We’re not there yet in America. But when city officials in Portland permit a mob to shut down an ICE building, when they allow a federal court house to be attacked, when random violence is tolerated, it’s time to ask what else must happen before Trump steps in and declares a state of insurrection. We’ve learned how the Democrats propose to take it to the next level if Trump wins the November election and how they’ve even contemplated secession and a military coup. And what then? For all his bluster, is Trump as tough-minded and manly as Pierre Trudeau?

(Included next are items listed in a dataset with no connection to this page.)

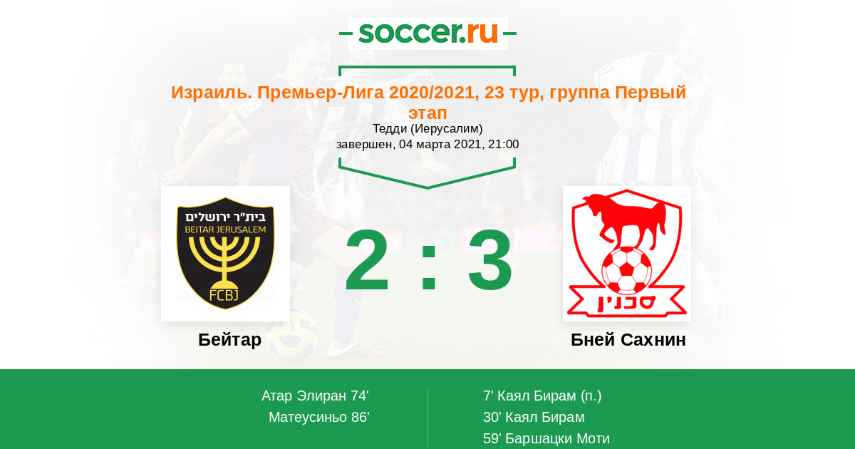 Протокол матча Бейтар против Бней Сахнин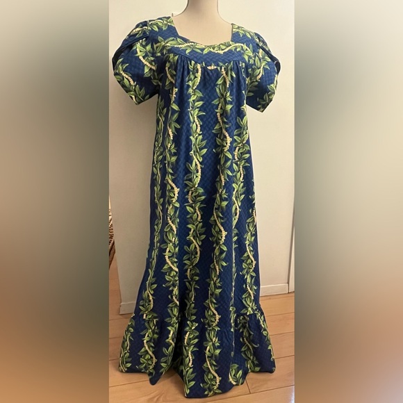 The prettiest Vintage Kalena Fashions of Hawaii women's Muumuu Maxi Dress! Has one side slit pocket, Sweetheart neckline, split sleeves and 9” ruffle at hem. This beauty will last another 50 years!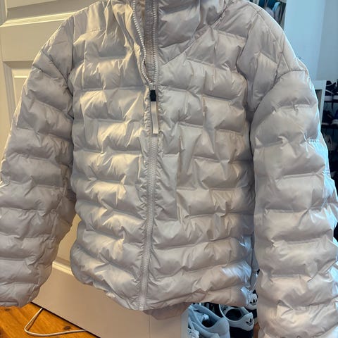Move Tech Sports Brand vinterjakke for kvinner i størrelse S. Jakken er grønn og designet for vinterbruk med isolasjon for varme. Den har hette og glidelåslommer foran. Materialet og detaljer er tilpasset for å gi beskyttelse mot kulde.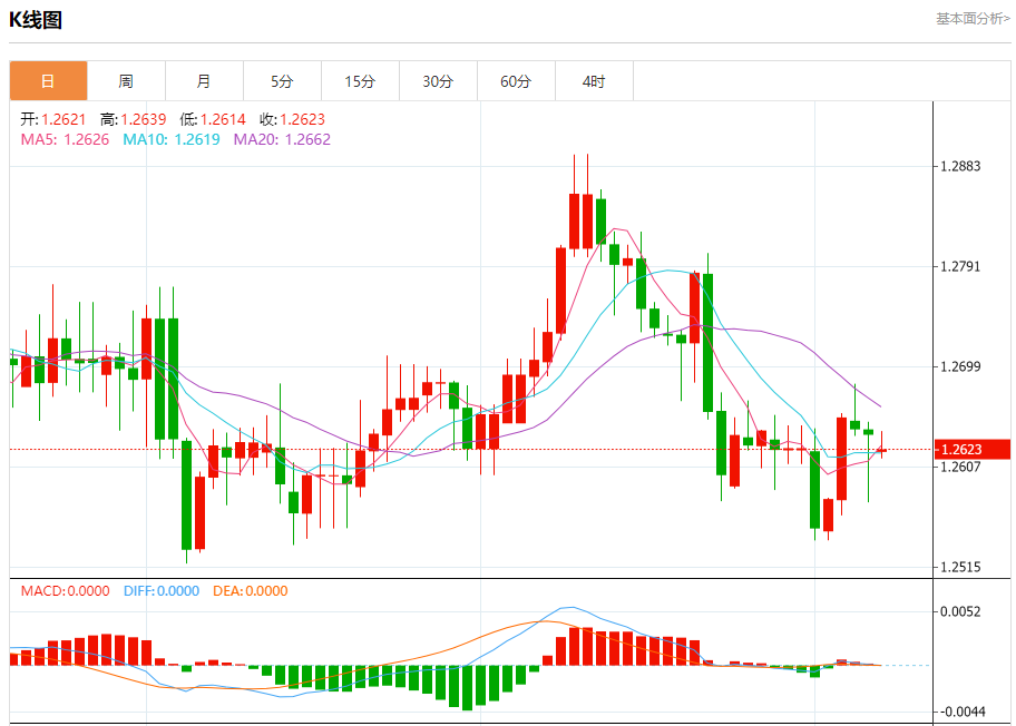 汇价高见1.2640,低见1.2614。上一交易日,汇价收于1.2637。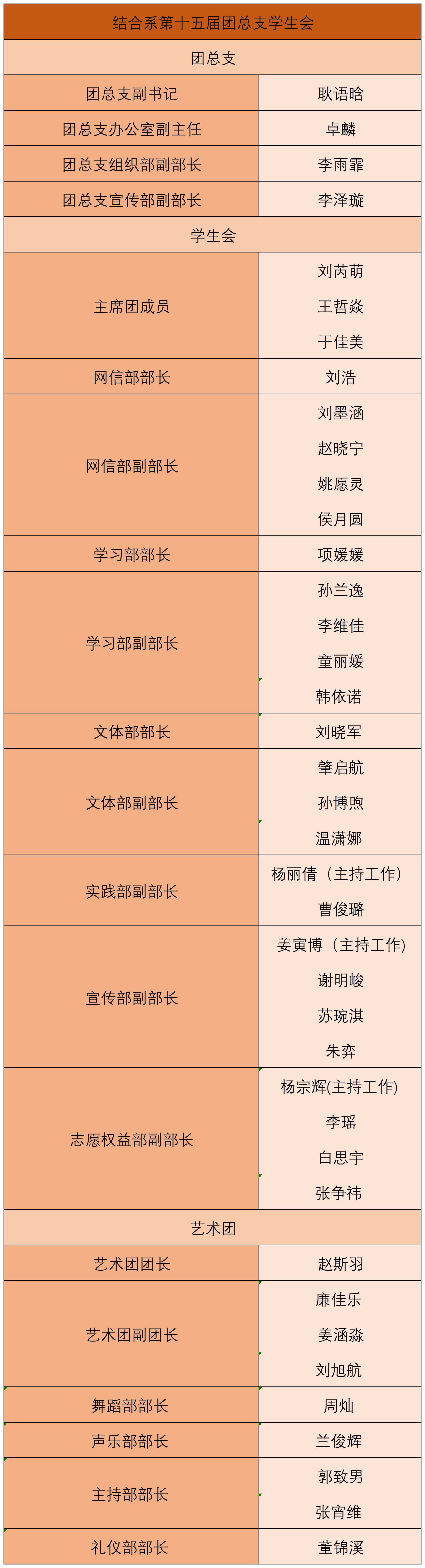 结合系|第十五届团总支学生会成员名单正式公布
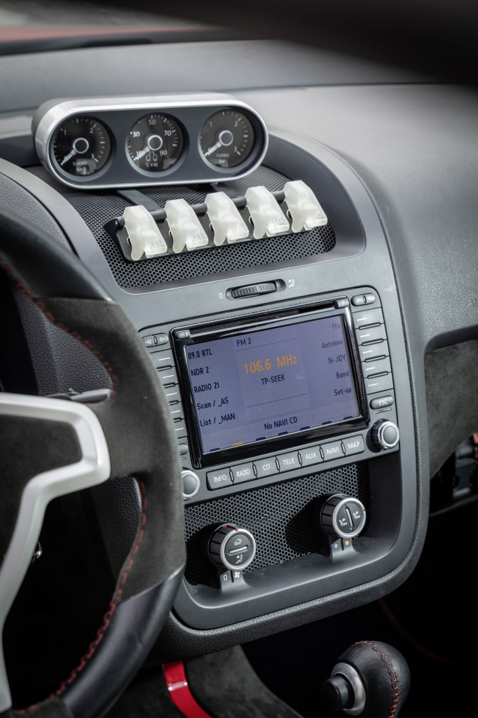 Základ kabíny je z Golfu a tak isto silueta karosérie je jednoznačne rozpoznateľná ako Golf piatej generácie. Rozšírenie karosérie o 16 centimetrov vzadu a nakoniec všetky úpravy karosérie ovplyvňujúce prúdenie vzduchu a chladenie motora pôsobia úplne prirodzene a harmonicky. Mimochodom, devätnásťpalcové kolesá majú na zadnej náprave pneumatiky so šírkou 295 milimetrov, vpredu je to 235 milimetrov.
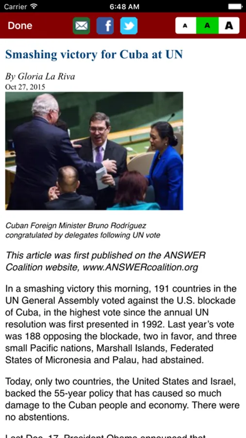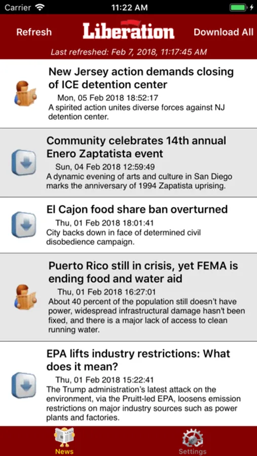 Customized iPhone/iPod Touch/iPad newsreader for the LiberationNews.org. Features user-selectable automatic or manual refresh of article lists from Liberation News, and caching of downloaded articles to read while offline. Download all the latest articles at home or at a coffee shop, then read them on the train or bus, at the gym, or while walking to work (or, for that matter, at work!). Story display is optimized for the iPhone/iPod or iPad, as appropriate. Old articles are automatically purged from the cache when they disappear from the article list. Share articles with your friends via Facebook, email, and Twitter!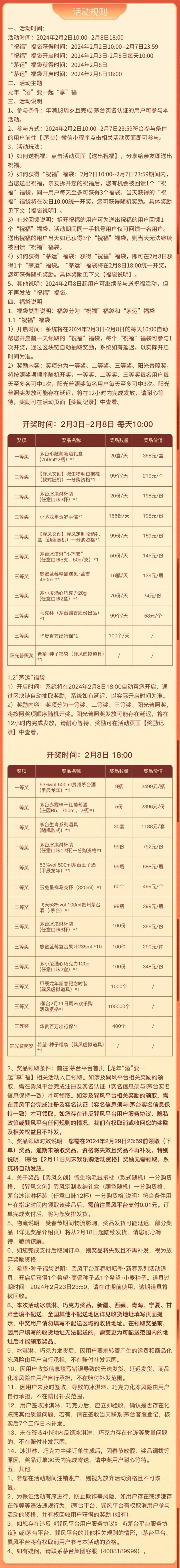 2月3日至2月8日每天10:00会开启前一天的福袋,每个“祝福“福袋都会有奖哦!而且活动期间收集到的所有“祝福”福袋,还能在2024年2月8日18时参与抽取终极大奖——“茅运”福袋!大奖福袋里的奖品更是壕到不行,绝对让你大呼过瘾!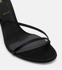 Step into style with these sandals from Tom Ford. Crafted in Italy with satin uppers, the pair features a gold-tone T at the heel, dainty straps, and buckle closures at the ankles. Product Details - Upper: fabric - Lining: leather - Sole: leather insole and sole - Color: black - Toe shape: round open toe - Made in Italy - Includes: shoe box, dust bag - Designer color name: Black - Item color: black - Closure: buckle-fastening ankle strap - Item number: P01136021 Size & Fit - True to size - European sizes - 10,5cm-4" heel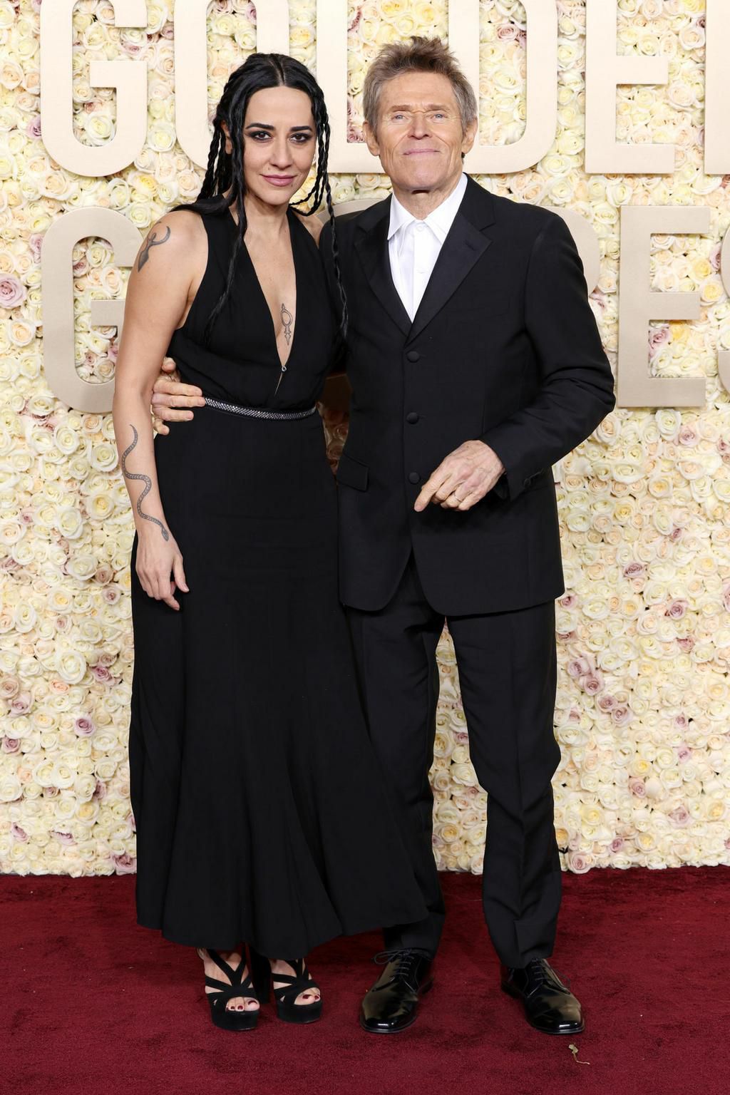 Giada Colagrande and Willem Dafoe attend the 81st Annual Golden Globe Awards at The Beverly Hilton on January 07, 2024 in Beverly Hills, California. (Photo by Kevin Mazur/Getty Images)

Which brings me to my fourth point. Revolutionary violence is parasitic upon a fellow-travelling party of the left which promises that it can rein in the anarchy. Such a role was played by Jean Jaurès in France and Charles Stewart Parnell in Ireland. “In both cases,” said Sorel, “a parliamentary group sells peace of mind to the conservatives, who do not dare use the force they command.” And that is what the Democrats are running on. Elect Trump and all Hell will break loose, they say. Elect us and it will go away. “For this reason,” says The Atlantic, “strictly law-and-order Republicans who have responded in dismay to scenes of rioting and looting have an interest in Biden winning.” It looks like extortion, but it may work. No one ever votes for anarchy, and every revolution awaits its Napoleon.
Those are the four badges of Revolutionary Violence. Perhaps there is a fifth. In Quebec, the FLQ fell apart for two reasons. The first was Pierre Trudeau. The second was René Lévesque, a separatist whom Quebecers elected as their premier in 1976. What Lévesque showed the separatists was that Quebec could become independent without violence through the democratic process. What followed were two separatist referenda in the province, both of which failed, as well as a recognition by the rest of Canada that a political solution to separatism would be possible, if that indeed was what Quebec wanted. Since then there’s been a tiresome political debate about separatism—but no violence.
There are several reasons why American radicals feel drawn to violence. A sense that the country has failed to come to terms with its troubled racial history. A broken student loan program that has made debt slaves of too many of them, and a Congress that failed to deliver the national health plan Americans want. And perhaps also the infirmities of the American constitution, so ill-suited for a divided country where necessity meets impossibility and needed reforms cannot be enacted.
In the end, revolutionary violence is always an indictment of a political system’s democratic legitimacy.